INSTRUCTIONS FOR THE TASK
Your answer must be a word-for-word copy of the listing, with all pictures excluded.

DATASET EXTRACT
BEGIN

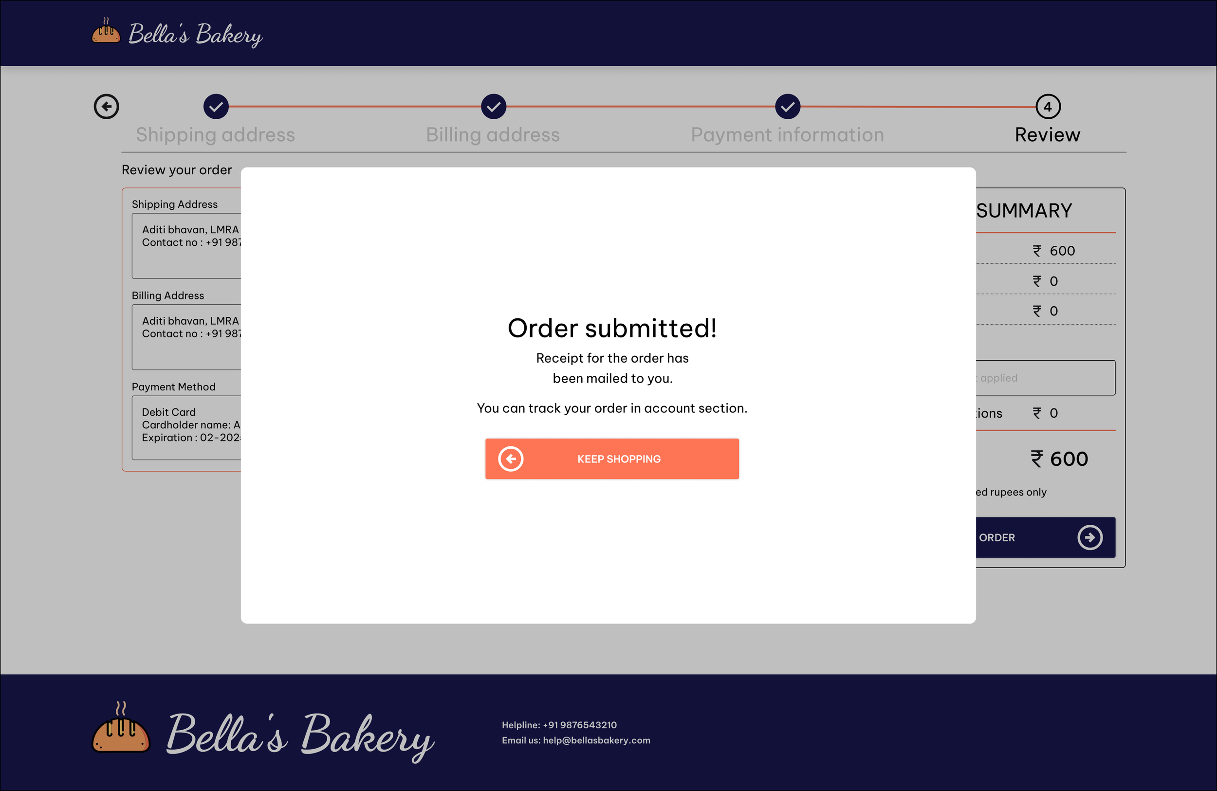 After successful completion of the checkout process the user is greeted with a pop up saying “Order submitted”.
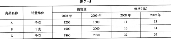 不定项选择题 008~2009年间某超市三种商品的价格和销售量数据如表7—5所示。
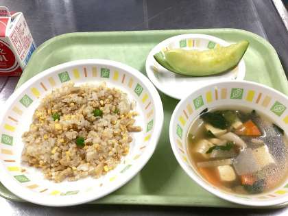 今日の給食は、そぼろごはん、けんちん汁、アンデスメロン、牛乳です。

END

EXERCISE RESULT
 After successful completion of the checkout process the user is greeted with a pop up saying “Order submitted”.
 不定项选择题 008~2009年间某超市三种商品的价格和销售量数据如表7—5所示。
 今日の給食は、そぼろごはん、けんちん汁、アンデスメロン、牛乳です。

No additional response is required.